<<<<

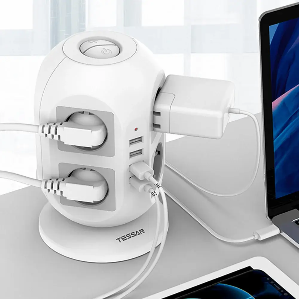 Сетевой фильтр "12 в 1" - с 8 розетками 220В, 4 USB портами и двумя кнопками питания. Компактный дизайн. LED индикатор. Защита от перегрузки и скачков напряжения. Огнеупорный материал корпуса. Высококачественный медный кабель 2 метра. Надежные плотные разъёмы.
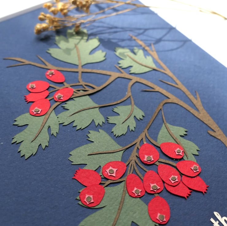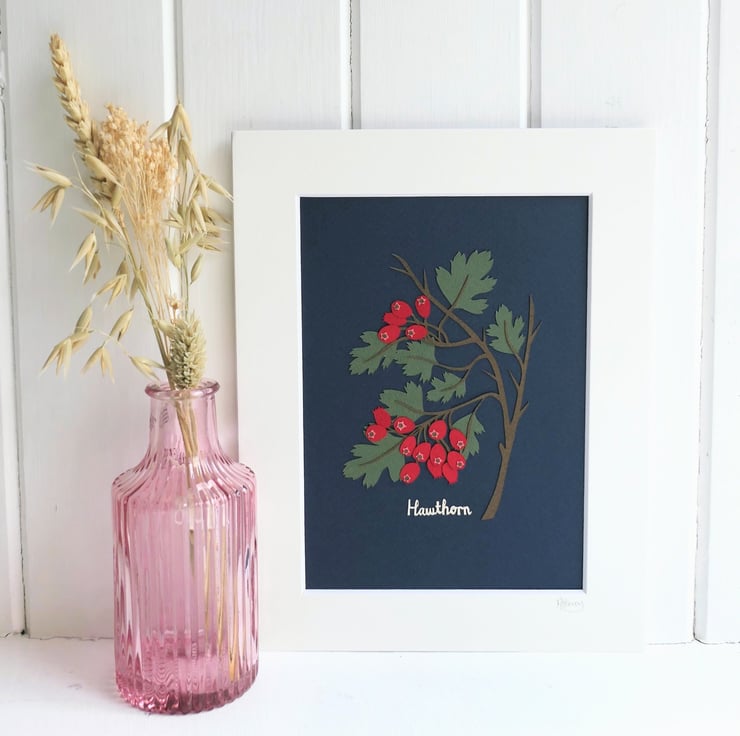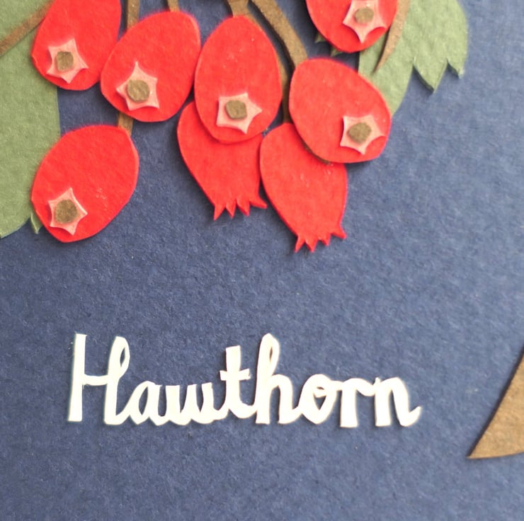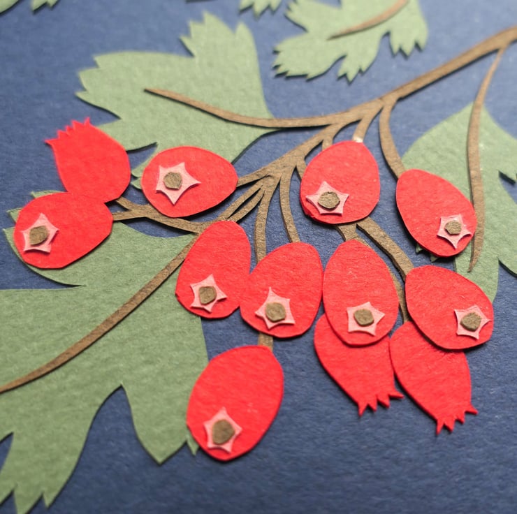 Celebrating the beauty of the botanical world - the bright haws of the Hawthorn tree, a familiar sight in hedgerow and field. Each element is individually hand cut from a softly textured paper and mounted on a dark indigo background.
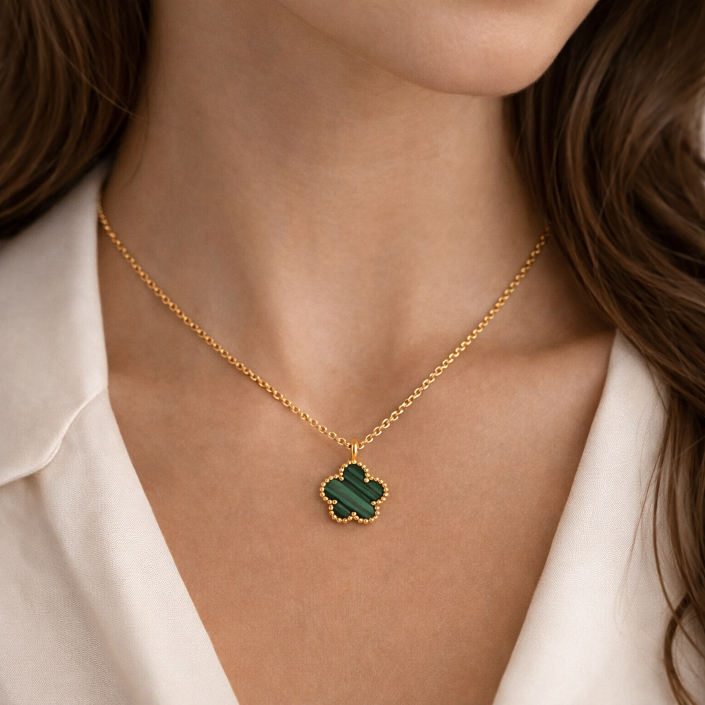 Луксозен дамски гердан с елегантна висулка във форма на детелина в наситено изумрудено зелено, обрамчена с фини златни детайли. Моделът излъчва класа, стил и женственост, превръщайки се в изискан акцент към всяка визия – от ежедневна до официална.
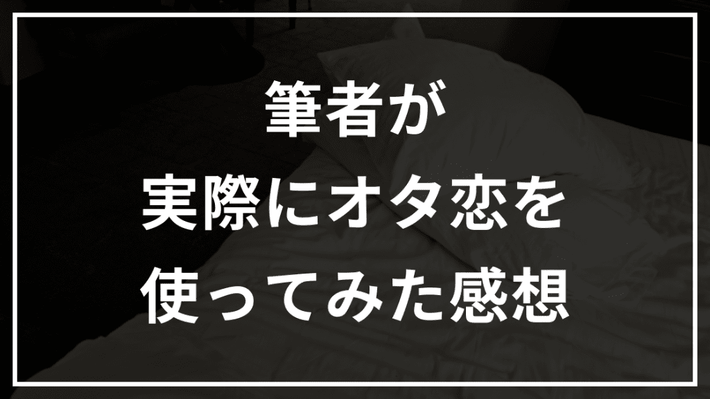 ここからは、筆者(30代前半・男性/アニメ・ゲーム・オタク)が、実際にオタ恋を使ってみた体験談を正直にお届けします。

>>>>
<<<<

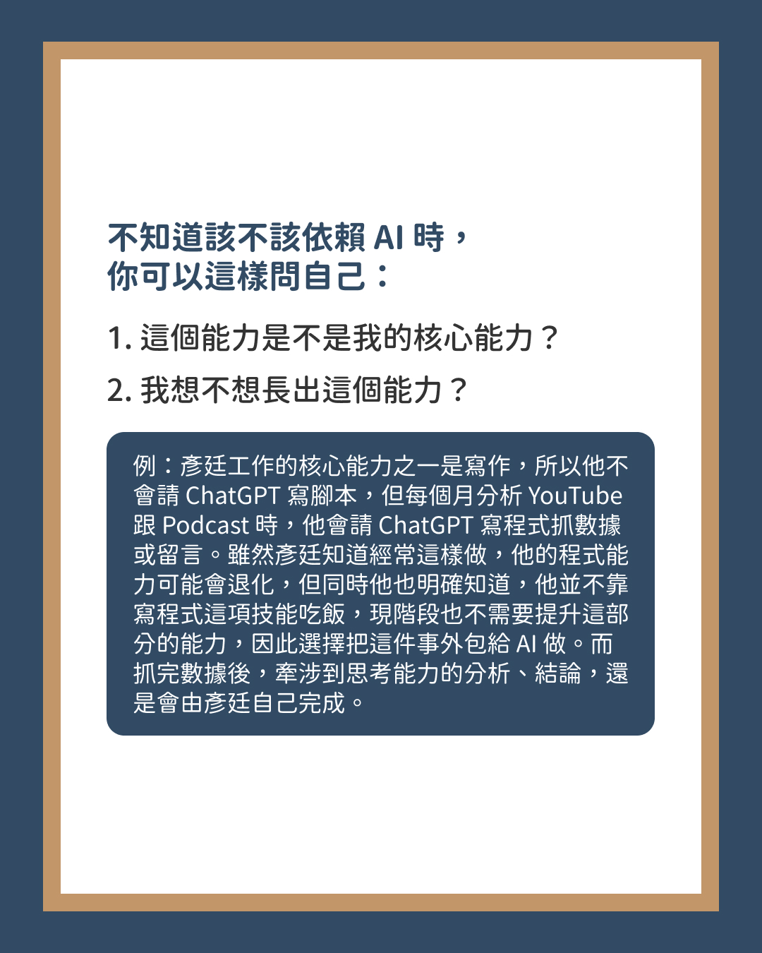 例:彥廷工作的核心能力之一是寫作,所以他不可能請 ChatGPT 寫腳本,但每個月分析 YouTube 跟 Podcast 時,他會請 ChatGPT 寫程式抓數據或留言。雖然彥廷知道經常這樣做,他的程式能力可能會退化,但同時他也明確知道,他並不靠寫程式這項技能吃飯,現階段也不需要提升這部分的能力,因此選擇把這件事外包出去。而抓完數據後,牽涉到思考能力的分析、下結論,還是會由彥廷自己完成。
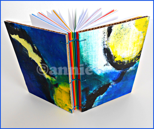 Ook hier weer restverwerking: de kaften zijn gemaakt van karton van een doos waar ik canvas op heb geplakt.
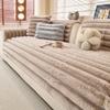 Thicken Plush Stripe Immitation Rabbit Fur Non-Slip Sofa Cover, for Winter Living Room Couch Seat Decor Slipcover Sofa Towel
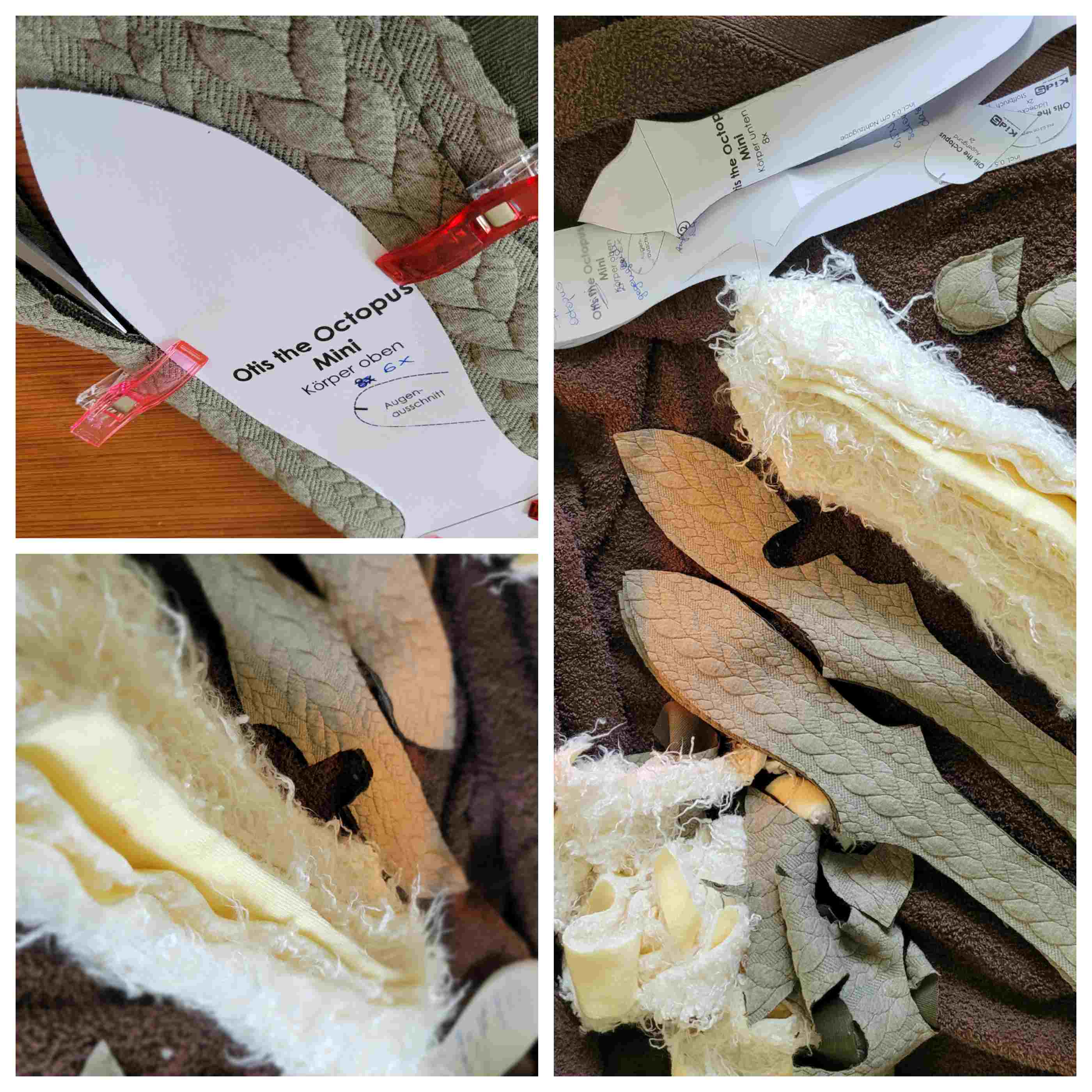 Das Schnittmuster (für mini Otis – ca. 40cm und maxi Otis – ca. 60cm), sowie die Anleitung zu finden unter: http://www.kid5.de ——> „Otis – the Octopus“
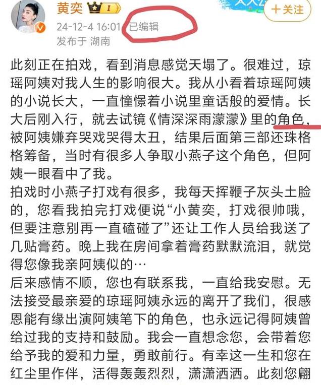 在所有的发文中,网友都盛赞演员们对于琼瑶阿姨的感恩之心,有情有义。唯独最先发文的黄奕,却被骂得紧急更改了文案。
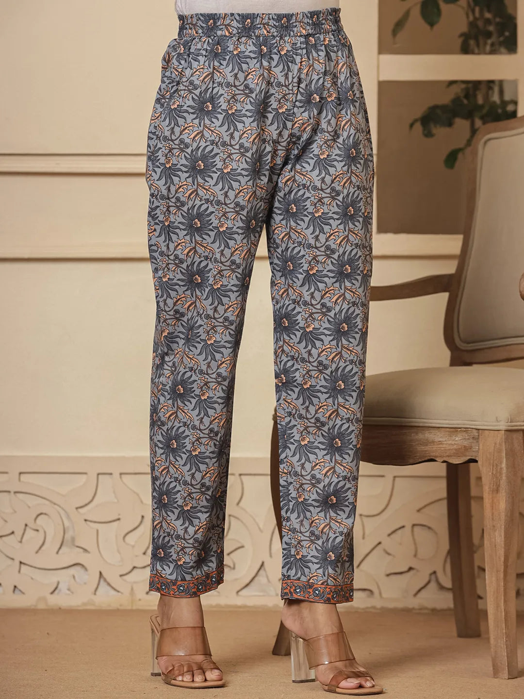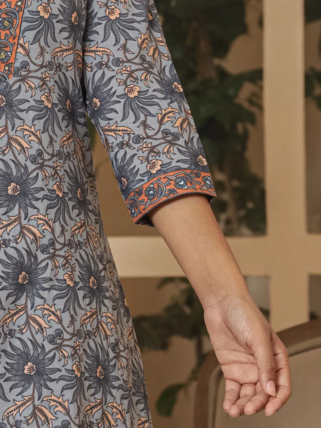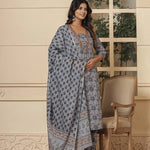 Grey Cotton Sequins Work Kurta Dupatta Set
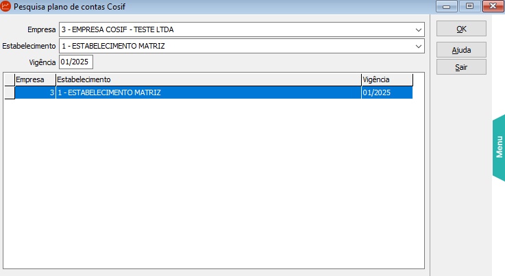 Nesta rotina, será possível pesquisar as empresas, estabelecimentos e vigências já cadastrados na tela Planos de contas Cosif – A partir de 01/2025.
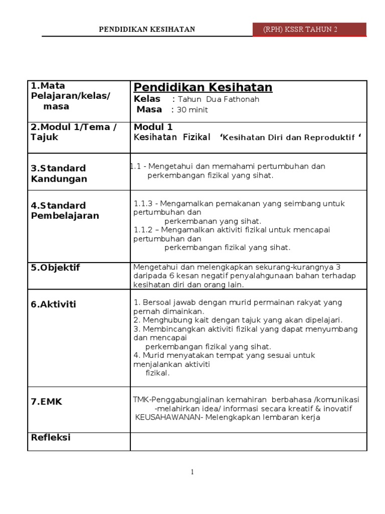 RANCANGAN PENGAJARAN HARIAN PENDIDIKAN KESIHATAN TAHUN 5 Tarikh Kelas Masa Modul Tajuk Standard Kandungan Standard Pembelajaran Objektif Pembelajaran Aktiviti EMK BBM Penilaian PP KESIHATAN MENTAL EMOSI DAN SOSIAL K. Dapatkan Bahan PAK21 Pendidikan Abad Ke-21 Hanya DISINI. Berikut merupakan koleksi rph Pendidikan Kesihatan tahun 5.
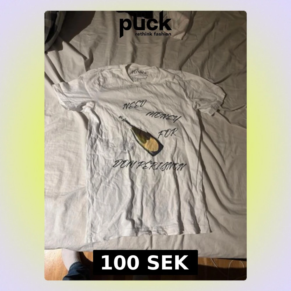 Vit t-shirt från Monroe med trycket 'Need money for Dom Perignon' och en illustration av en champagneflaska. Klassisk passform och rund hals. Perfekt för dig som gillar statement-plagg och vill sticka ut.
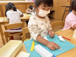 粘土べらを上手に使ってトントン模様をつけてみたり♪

>>>>
<<<<

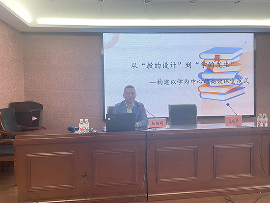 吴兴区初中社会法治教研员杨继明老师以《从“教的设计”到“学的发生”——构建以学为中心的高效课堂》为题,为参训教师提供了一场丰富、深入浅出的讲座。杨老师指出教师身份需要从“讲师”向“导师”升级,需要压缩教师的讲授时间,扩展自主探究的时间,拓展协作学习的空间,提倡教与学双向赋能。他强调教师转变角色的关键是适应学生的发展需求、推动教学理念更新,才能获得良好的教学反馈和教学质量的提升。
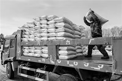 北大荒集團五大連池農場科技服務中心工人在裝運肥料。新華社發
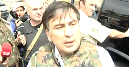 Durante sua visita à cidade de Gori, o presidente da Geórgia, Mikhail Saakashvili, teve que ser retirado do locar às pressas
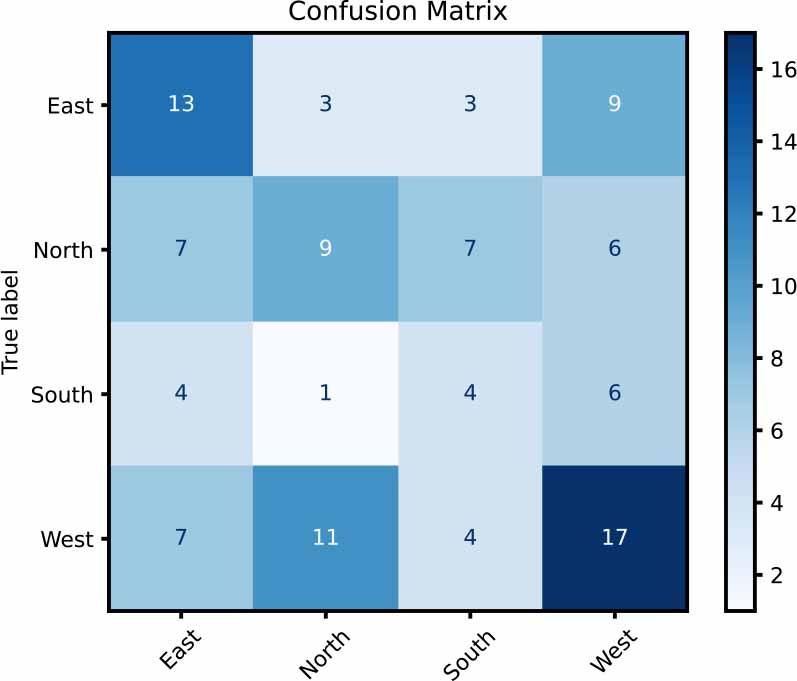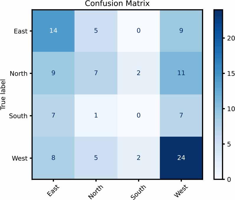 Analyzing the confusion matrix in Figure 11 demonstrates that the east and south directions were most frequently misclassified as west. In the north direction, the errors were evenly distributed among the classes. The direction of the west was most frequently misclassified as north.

>>>>

- Aim of the task -
Using the listing above, repeat word for word each line from the one with "Луксозен дамски гердан" down to the one with "ここからは、筆者(30代前半", both included. Omit all pictures.

- Your response -
 Луксозен дамски гердан с елегантна висулка във форма на детелина в наситено изумрудено зелено, обрамчена с фини златни детайли. Моделът излъчва класа, стил и женственост, превръщайки се в изискан акцент към всяка визия – от ежедневна до официална.
 ここからは、筆者(30代前半・男性/アニメ・ゲーム・オタク)が、実際にオタ恋を使ってみた体験談を正直にお届けします。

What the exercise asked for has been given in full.